Mohamed Shaarawy, PhD, FRCPath

Department of Obstetrics and Gynecology, Kasr Al-Aini School of Medicine, Cairo University, Cairo, Egypt; 21 El-Khalihfa El-Maamoun St., Apt. 701, Roxy Building, Heliopolis, Cairo, Egypt. Shaarawy{at}mednet3.camed.eun.eg

Sameh Zaki, MD

Abdel-Megid Ramzi, MD

Mahmoud E. Salem, MD

Ahmed M. El-Minawi, MD

Department of Obstetrics and Gynecology, Kasr Al-Aini School of Medicine, Cairo University, Cairo, Egypt

Objectives: To investigate feto-maternal bone turnover in normal pregnancy and preeclampsia and to test the hypothesis whether the reported low bone mass at birth in small-for-gestational age infants is associated with decreased bone formation or increased bone resorption.
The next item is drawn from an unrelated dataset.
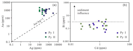 The Fe atomic percent values of hexagonal pyrrhotite and monoclinic pyrrhotite are 47.0–47.8 at.% and 46.5–47.0 at.%, respectively []. These data indicate that the pyrrhotite in the Dongguashan deposit mainly contains hexagonal and monoclinic pyrrhotite. The Fe atomic percent and content of pyrrhotite reach up to 48.35 at.% and 60.64 wt.% in the sample DGS 5-9 (collected in the stratiform orebody), respectively, which is similar to the composition of pyrrhotite in the corresponding mantle inclusion []. Using the T-x (Fe) imitative straight-line equation of y = −201.22x + 9854.32 (y is the temperature, x is the Fe atomic percent []), the crystallization temperatures of monoclinic pyrrhotite were calculated. The results show that the crystallization temperatures of monoclinic pyrrhotite range from 286 to 387 °C, with an average value of 353 °C, indicating that different pyrrhotites formed in a medium- to high-temperature environment. In general, the Co contents of high-temperature pyrite, medium-temperature pyrite and low-temperature pyrite are >1000 ppm, 100–1000 ppm and <100 ppm, respectively []. The larger value of the Co/Ni implies the higher temperature of pyrite formation []. The Co contents of Py I and Py II are 0.009–0.96 wt.% (90–9600 ppm) and 0.02–0.45 wt.% (200–4500 ppm), with corresponding average values of 0.21 wt.% (2100 ppm) and 0.16 wt.% (1600 ppm), respectively (Appendix A). This supports the conclusions that Py I and Py II were formed in medium- and high-temperature environments. Arsenic can replace S isomorphically in pyrite, and As tends to be enriched in low-temperature systems []. Most of the As contents of Py I and Py II are below the detection limit, indicating that the ore-forming system is a high-temperature system. Moreover, Py I and Py II have high Au/Ag ratios (most >1, Figure 7a, Appendix A), which are different from those of sedimentary/diagenetic pyrite [,], reflecting that the Dongguashan copper (gold) deposit has a medium- to high-temperature hydrothermal genesis []. Py I and Py II are depleted in Ni, As, Pb, Te and Sb, which are different from those of synsedimentary pyrite [], according to the geochemical characteristics of the high temperature hydrothermal pyrite []. The higher contents of Mn, Cu, Se and Zn show some similarity with the skarn deposit [].

Methods: Thirty-two patients with preeclampsia (17 mild and 15 severe) and 20 normotensive women (controls) with singleton gestations in the third trimester participated in this study. Furthermore, 25 nonpregnant healthy women were chosen as nonpregnant controls. Maternal 24-hour urine specimens and venous blood samples were collected. In addition, fetal cord blood and the first voided neonatal urine were also collected. The freshly separated sera were assayed for osteocalcin (OC) and carboxy-terminal propeptide of type 1 collagen (PICP) by radioimmunoassay. Urine samples were assayed for N-telopeptide of type 1 collagen (NTx) by enzyme-linked immunosorbent assay.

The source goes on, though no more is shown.